Records for this task START
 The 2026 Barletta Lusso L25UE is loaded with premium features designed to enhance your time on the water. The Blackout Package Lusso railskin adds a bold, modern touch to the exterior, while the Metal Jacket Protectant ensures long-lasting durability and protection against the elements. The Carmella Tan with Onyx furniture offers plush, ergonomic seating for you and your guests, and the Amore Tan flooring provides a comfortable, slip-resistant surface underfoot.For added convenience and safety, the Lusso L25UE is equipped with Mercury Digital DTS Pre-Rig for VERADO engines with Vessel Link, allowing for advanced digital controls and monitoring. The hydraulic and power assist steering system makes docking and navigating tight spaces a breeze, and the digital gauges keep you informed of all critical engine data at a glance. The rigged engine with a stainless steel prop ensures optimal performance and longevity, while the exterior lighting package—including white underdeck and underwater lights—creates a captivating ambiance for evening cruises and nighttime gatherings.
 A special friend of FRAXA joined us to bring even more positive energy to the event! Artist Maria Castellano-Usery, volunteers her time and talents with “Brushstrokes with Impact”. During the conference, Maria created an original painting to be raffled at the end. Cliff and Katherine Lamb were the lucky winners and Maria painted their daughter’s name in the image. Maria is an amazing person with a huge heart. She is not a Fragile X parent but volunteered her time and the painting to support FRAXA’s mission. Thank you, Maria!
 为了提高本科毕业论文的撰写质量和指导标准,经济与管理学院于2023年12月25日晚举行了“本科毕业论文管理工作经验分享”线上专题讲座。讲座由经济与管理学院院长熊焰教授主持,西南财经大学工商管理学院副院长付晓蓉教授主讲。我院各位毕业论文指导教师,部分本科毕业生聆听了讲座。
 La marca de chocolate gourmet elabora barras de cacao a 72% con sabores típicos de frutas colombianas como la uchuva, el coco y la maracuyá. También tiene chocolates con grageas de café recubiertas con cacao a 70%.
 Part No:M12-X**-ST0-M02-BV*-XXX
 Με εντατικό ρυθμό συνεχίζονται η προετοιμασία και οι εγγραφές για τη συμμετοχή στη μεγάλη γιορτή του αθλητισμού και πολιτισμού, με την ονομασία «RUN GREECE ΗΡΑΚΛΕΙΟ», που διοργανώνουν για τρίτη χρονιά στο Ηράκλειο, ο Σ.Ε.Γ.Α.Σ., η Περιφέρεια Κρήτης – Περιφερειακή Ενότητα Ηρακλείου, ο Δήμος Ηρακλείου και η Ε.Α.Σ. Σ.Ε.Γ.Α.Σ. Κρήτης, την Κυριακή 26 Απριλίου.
Records for this task END
Output the listing above word for word, from the opening line through the line that contains "为了提高本科毕业论文的撰写质", and leave out everything after it.

[Answer to this exercise]:
 The 2026 Barletta Lusso L25UE is loaded with premium features designed to enhance your time on the water. The Blackout Package Lusso railskin adds a bold, modern touch to the exterior, while the Metal Jacket Protectant ensures long-lasting durability and protection against the elements. The Carmella Tan with Onyx furniture offers plush, ergonomic seating for you and your guests, and the Amore Tan flooring provides a comfortable, slip-resistant surface underfoot.For added convenience and safety, the Lusso L25UE is equipped with Mercury Digital DTS Pre-Rig for VERADO engines with Vessel Link, allowing for advanced digital controls and monitoring. The hydraulic and power assist steering system makes docking and navigating tight spaces a breeze, and the digital gauges keep you informed of all critical engine data at a glance. The rigged engine with a stainless steel prop ensures optimal performance and longevity, while the exterior lighting package—including white underdeck and underwater lights—creates a captivating ambiance for evening cruises and nighttime gatherings.
 A special friend of FRAXA joined us to bring even more positive energy to the event! Artist Maria Castellano-Usery, volunteers her time and talents with “Brushstrokes with Impact”. During the conference, Maria created an original painting to be raffled at the end. Cliff and Katherine Lamb were the lucky winners and Maria painted their daughter’s name in the image. Maria is an amazing person with a huge heart. She is not a Fragile X parent but volunteered her time and the painting to support FRAXA’s mission. Thank you, Maria!
 为了提高本科毕业论文的撰写质量和指导标准,经济与管理学院于2023年12月25日晚举行了“本科毕业论文管理工作经验分享”线上专题讲座。讲座由经济与管理学院院长熊焰教授主持,西南财经大学工商管理学院副院长付晓蓉教授主讲。我院各位毕业论文指导教师,部分本科毕业生聆听了讲座。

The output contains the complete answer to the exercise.